Thank God for loud music. There is a circus in my butt right now.
suddenly SuperBad didn't seem so funny anymore...she did have her period on my leg.
just threw up in the bushes outside my lecture hall. sometimes i hate the freedom college gives you.
what you doin?
I just woke up vomited poured myself a chocolate milk and turned on the peoples court. you?
reread what you just wrote and reconsider your entire life
Drunk in a canoe getting pulled by a lawn mower thinking of you
how do you feel about lunch break shots ?
I just want to point out that nothing makes my hickie/hangover more obvious than sleeping in a scarf and sunglasses. nothing.
I like to take my ritalin one pill at a time with each pill spaced out a couple minutes so I feel like I'm going super saiyan when they kick in.

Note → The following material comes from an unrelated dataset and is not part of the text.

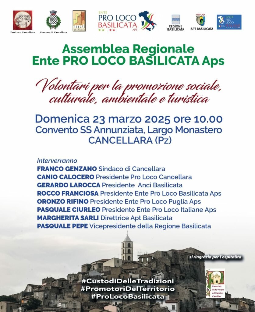 cittadine e cittadini lucani quali promotori del territorio e custodi delle tradizioni, al quale prenderanno parte autorevoli rappresentanti istituzionali regionali. A farlo sapere il Presidente regionale Ente Pro Loco Basilicata Aps Rocco Franciosa il quale sottolinea “l’assemblea regionale rappresenta il momento più importante per l’ente in cui si esamina il rendiconto economico dell’anno precedente e ci si confronta sulla programmazione futura delle attività con gli associati e le istituzioni che ringraziamo per la loro sensibilità istituzionale ed il supporto prezioso per lavorare su obiettivi comuni nell’interesse dello sviluppo sociale ed economico delle comunità”. All’assemblea regionale Ente Pro Loco Basilicata Aps prenderanno parte il sindaco di Cancellara Franco Genzano, il Presidente della Pro Loco Cancellara Aps Canio Calocero, il Presidente Anci Basilicata Gerardo Larocca, il Presidente regionale Ente Pro Loco Basilicata Aps Rocco Franciosa, il Presidente Ente Pro Loco Puglia Oronzo Rifino, il Presidente nazionale Ente Pro Loco Italiane Aps Pasquale Ciurleo, il Direttore Apt Basilicata Margherita Sarli e il vicepresidente della Regione Basilicata Pasquale Pepe. Saranno presenti inoltre i Presidenti delle Pro Loco e degli enti lucani affiliati alla Rete Associativa Terzo Settore Epli Aps. In occasione dell’assemblea regionale dopo la discussione e approvazione del rendiconto per cassa modello d anno 2024 dell’Ente Pro Loco Basilicata Aps e del bilancio di previsione per l’anno 2025 è prevista una degustazione di prodotti tipici locali presso il ristorante The Golden Hen Castle e la visita guidata alla Chiesa di Santa Caterina D’Alessandria candidata a “I luoghi del cuore Fai” ed al centro storico di Cancellara (Pz) inseriti anche nelle Giornate Fai di Primavera grazie all’impegno della volontaria Pro Loco Cancellara Marianna Lancellotti.

No. I'm too high for this. I gotta focus my mind for my future Hooter's interview
I think we need to teach you what straight means again
You're lucky I'm tired or I'd take a pic of me mounting a reindeer yard decoration
Seriously. Come back. I've had two beers for breakfast so far. The third will be for lunch since it's already 12.
My favorite part of you downing a fifth of fireball in my apartment by yourself is the shot glass in the sink. It's like you attempted moderation and were just like "Fuck this."
Are you vicariously golddigging through me?!
I kept falling all over the place and yelled at the bouncer you can't kick me out I'm from Texas.